PROBLEM DETAILS: Pictures are to be dropped, and only the lines from the one containing "The Course popularity" through the end of the data below are to be reproduced as written.

------------------------------------------------------------------------

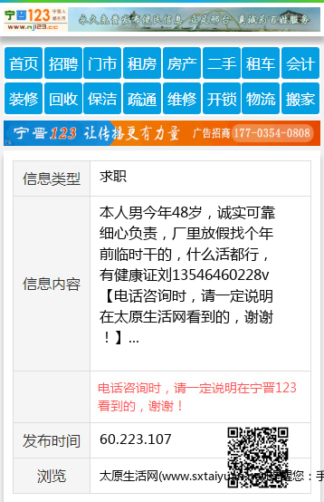 本人男今年48岁,诚实可靠细心负责,厂里放假找个年前临时干的,什么活都行,有健康证
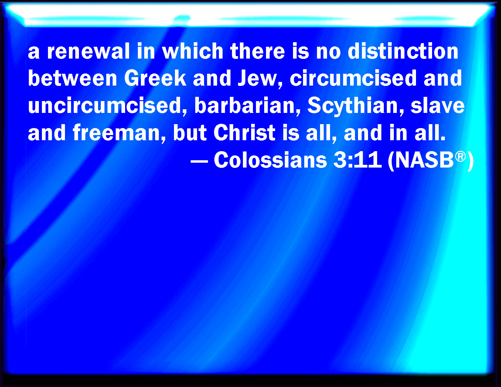 Bible Verse Slide Colossians 3:11 Where there is neither Greek nor Jew, circumcision nor uncircumcision, Barbarian, Scythian, bond nor free: but Christ is all, and in all. KJV: Where there is neither Greek nor Jew, circumcision nor uncircumcision, Barbarian, Scythian, bond nor free: but Christ is all, and in all. DRB: Where there is neither Gentile nor Jew, circumcision nor uncircumcision, Barbarian nor Scythian, bond nor free. But Christ is all, and in all. DBT: wherein there is not Greek and Jew, circumcision and uncircumcision, barbarian, Scythian, bondman, freeman; but Christ is everything, and in all. ERV: where there cannot be Greek and Jew, circumcision and uncircumcision, barbarian, Scythian, bondman, freeman: but Christ is all, and in all. WBT: Where there is neither Greek nor Jew, circumcision nor uncircumcision, Barbarian, Scythian, bond nor free: but Christ is all, and in all. WEB: where there can't be Greek and Jew, circumcision and uncircumcision, barbarian, Scythian, bondservant, freeman; but Christ is all, and in all. YLT: where there is not Greek and Jew, circumcision and uncircumcision, foreigner, Scythian, servant, freeman — but the all and in all — Christ.Links Colossians 3:11 NIV • Colossians 3:11 NLT • Colossians 3:11 ESV • Colossians 3:11 NASB • Colossians 3:11 KJV • Colossians 3:11 Interlinear • Colossians 3:11 Commentaries • Colossians 3:11 Parallel Texts • Colossians 3:11 Bible Apps • Colossians 3:11 Parallel • Bible Hub |
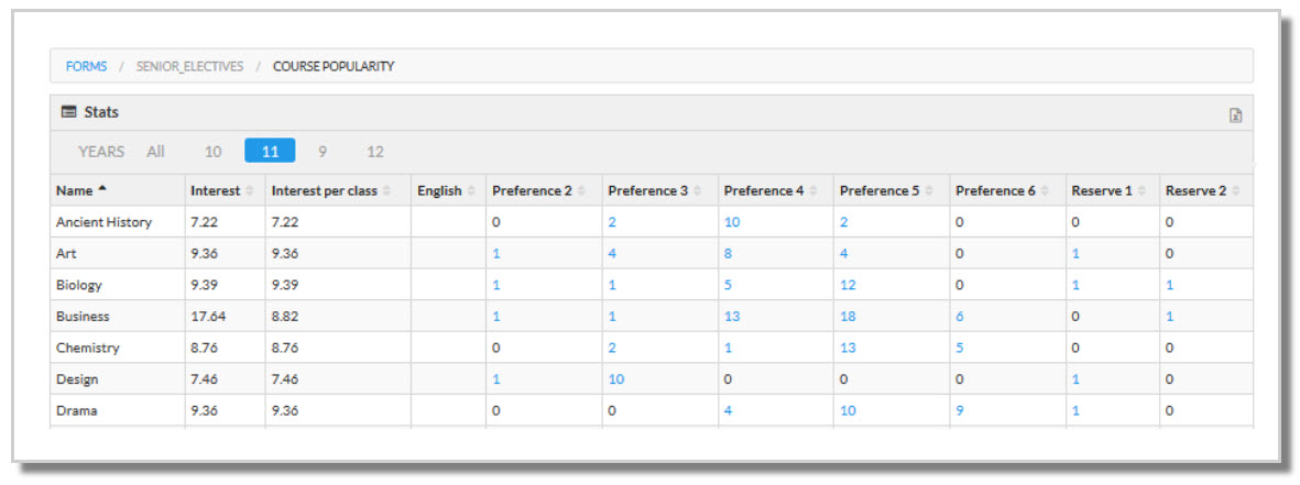 The Course popularity report displays the number of students who have selected a course at each preference level. It is used to assist in the planning which courses to run, and how many classes of each.
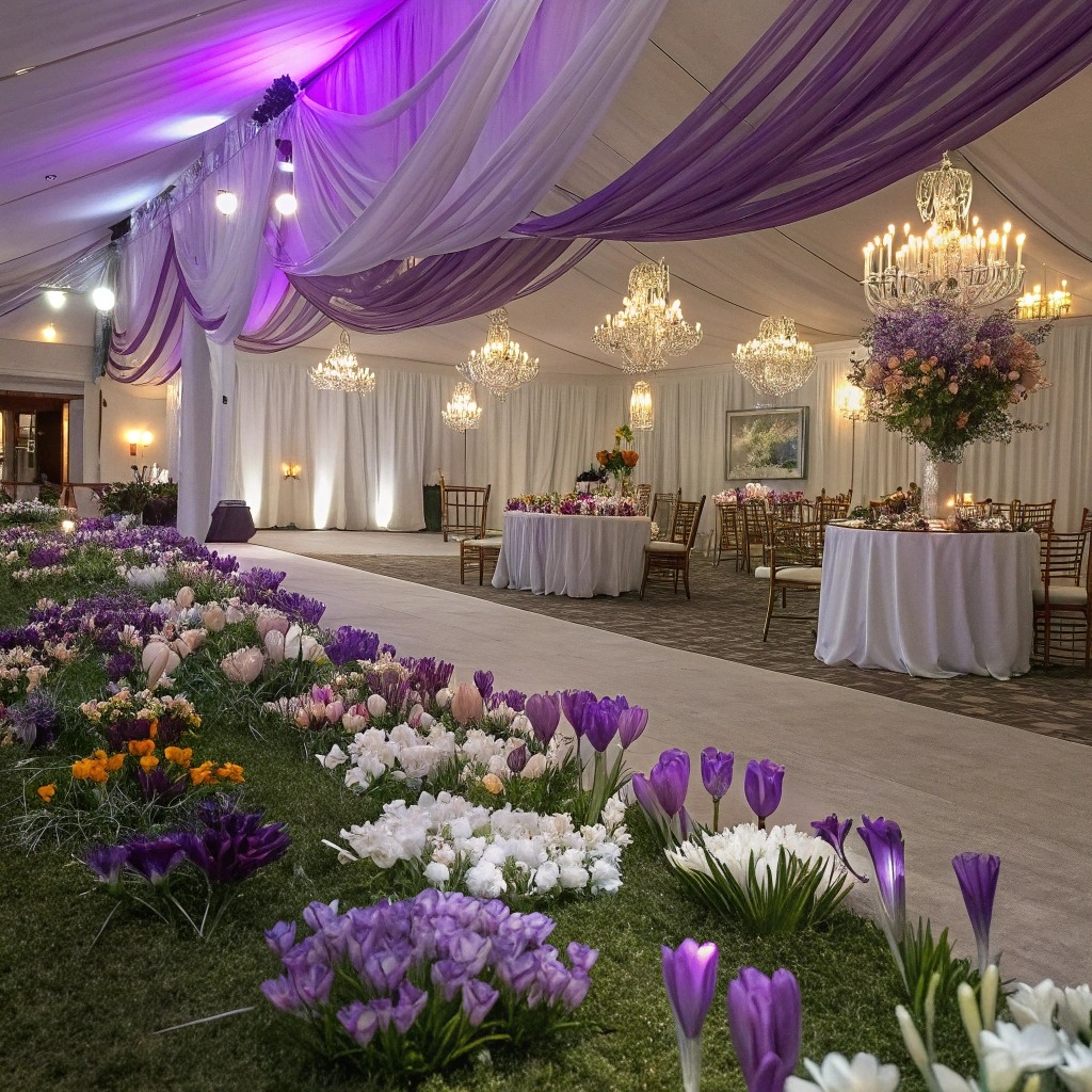 - Крокуси — відтінки білого, жовтого, фіолетового дозволяють створити живу, багатогранну палітру відтінків декору весілля з первоцвітів.
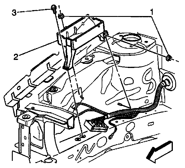 2. Install the fuse block base fasteners (1, 3).
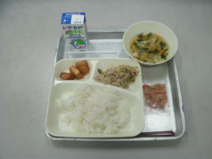 今日の給食は、ゴーヤチャンプルー、すまし汁、あつあげのみそだれかけ、ごはん、牛乳です。
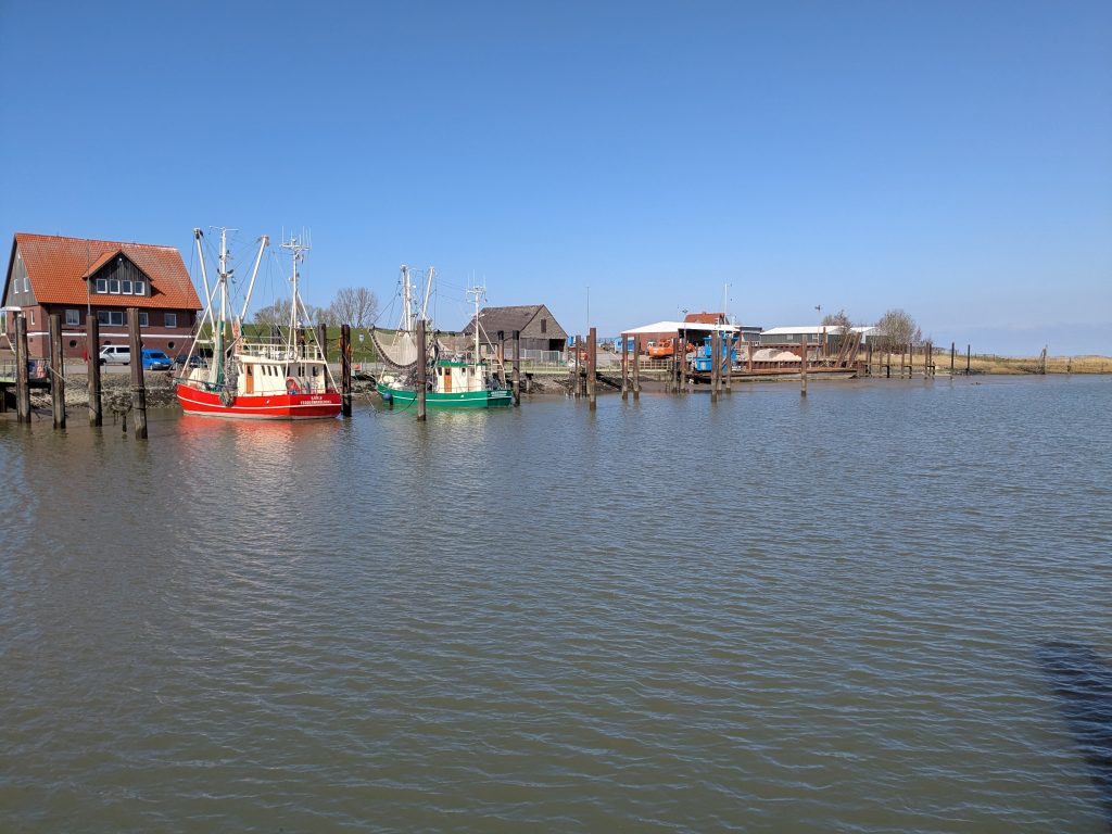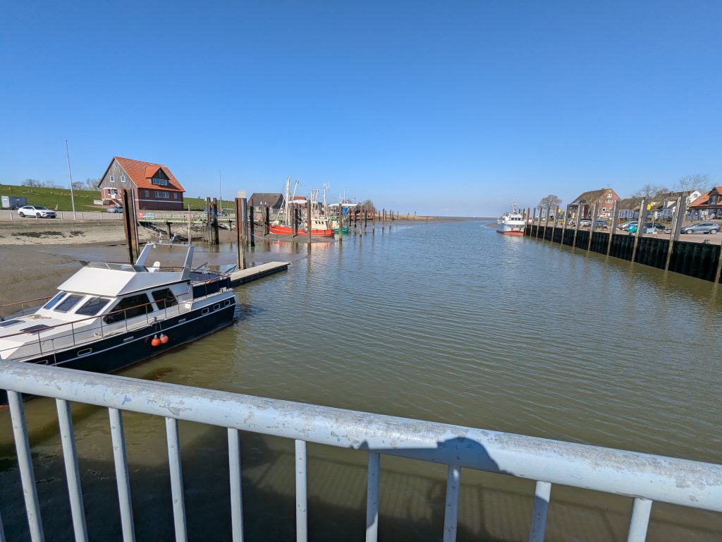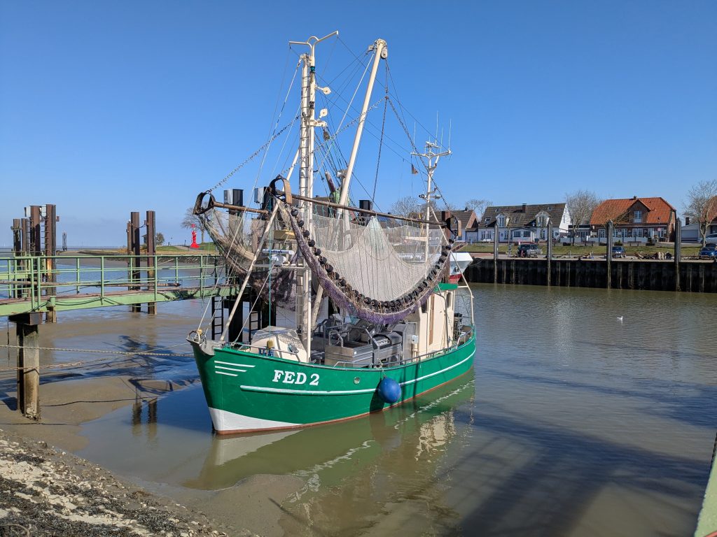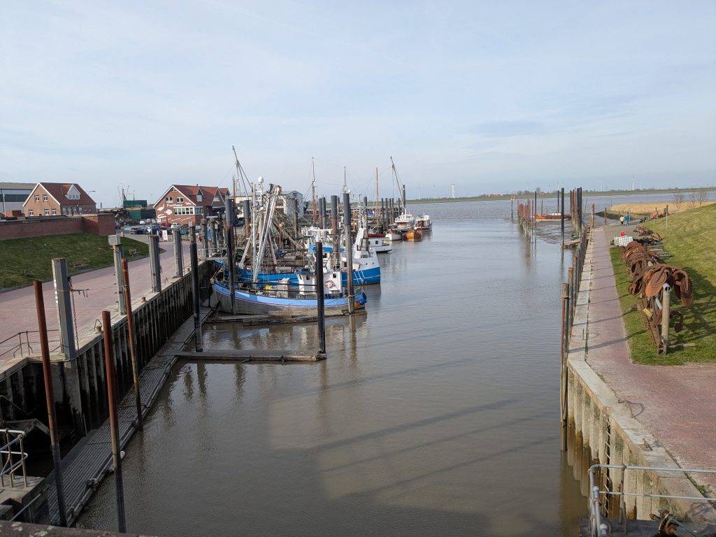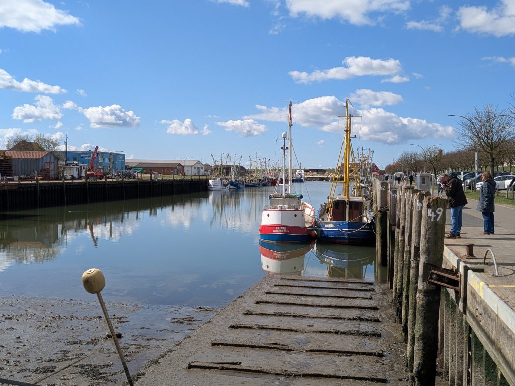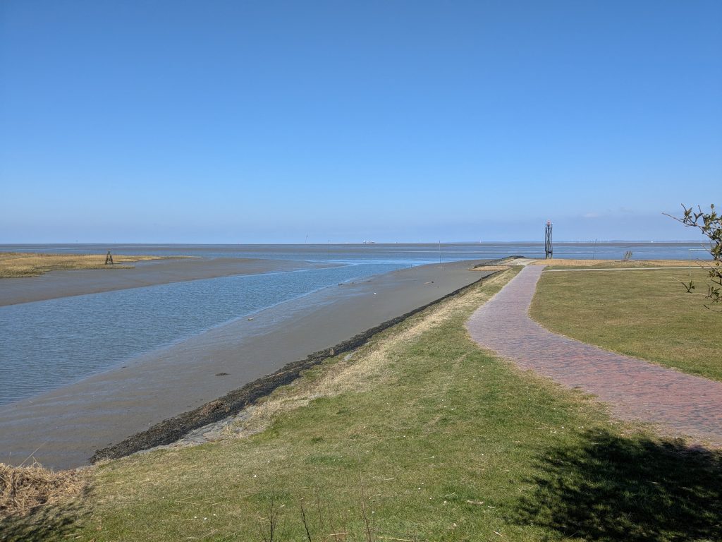 Der Tag beginnt etwas trübe, aber pünktlich zur Abfahrt kommt die Sonne durch, trotzdem bleibt es bei ca 10°C . Wir fahren auf Landstraßen Richtung Butjadingen. Unser Ziel ist der Stellplatz in Fedderwardersiel. In Burhave besichtigen wir noch fix einen Edeka, dann geht es die letzten Meter zum Stellplatz. 24,- inkl. Kurtaxe und Strom, plus 4,-/Pro Tag für den Lütten kostet das hier. Zum Mittag gibt es Fisch mit Pommes aus dem Butjadinger Fischfachgeschäft. Sehr lecker! Abgesehen von der Remouladen-Soße fast wie in England. Danach schwingen wir uns auf die Räder und genießen das Meer. Erstmal einen Labcache am Hafen, dann geht es am Deich lang. Unterwegs Kaffeepause mit frischem Espresso und „Auslauf“ für Drohnie. Dann geht es zurück und wir sind mal etwas faul und genießen den Abend im Wobi. Das Parkticket für den Lütten für den nächsten Tag bezahlen wir mit einer App, drucken den Screenshot aus und legen ihn ins Auto, wir haben keine Lust um 8 Uhr Geld in den Automaten zu werfen, da wollen wir noch schlafen!

------------------------------------------------------------------------

ANSWER:
 The Course popularity report displays the number of students who have selected a course at each preference level. It is used to assist in the planning which courses to run, and how many classes of each.
 - Крокуси — відтінки білого, жовтого, фіолетового дозволяють створити живу, багатогранну палітру відтінків декору весілля з первоцвітів.
 2. Install the fuse block base fasteners (1, 3).
 今日の給食は、ゴーヤチャンプルー、すまし汁、あつあげのみそだれかけ、ごはん、牛乳です。
 Der Tag beginnt etwas trübe, aber pünktlich zur Abfahrt kommt die Sonne durch, trotzdem bleibt es bei ca 10°C . Wir fahren auf Landstraßen Richtung Butjadingen. Unser Ziel ist der Stellplatz in Fedderwardersiel. In Burhave besichtigen wir noch fix einen Edeka, dann geht es die letzten Meter zum Stellplatz. 24,- inkl. Kurtaxe und Strom, plus 4,-/Pro Tag für den Lütten kostet das hier. Zum Mittag gibt es Fisch mit Pommes aus dem Butjadinger Fischfachgeschäft. Sehr lecker! Abgesehen von der Remouladen-Soße fast wie in England. Danach schwingen wir uns auf die Räder und genießen das Meer. Erstmal einen Labcache am Hafen, dann geht es am Deich lang. Unterwegs Kaffeepause mit frischem Espresso und „Auslauf“ für Drohnie. Dann geht es zurück und wir sind mal etwas faul und genießen den Abend im Wobi. Das Parkticket für den Lütten für den nächsten Tag bezahlen wir mit einer App, drucken den Screenshot aus und legen ihn ins Auto, wir haben keine Lust um 8 Uhr Geld in den Automaten zu werfen, da wollen wir noch schlafen!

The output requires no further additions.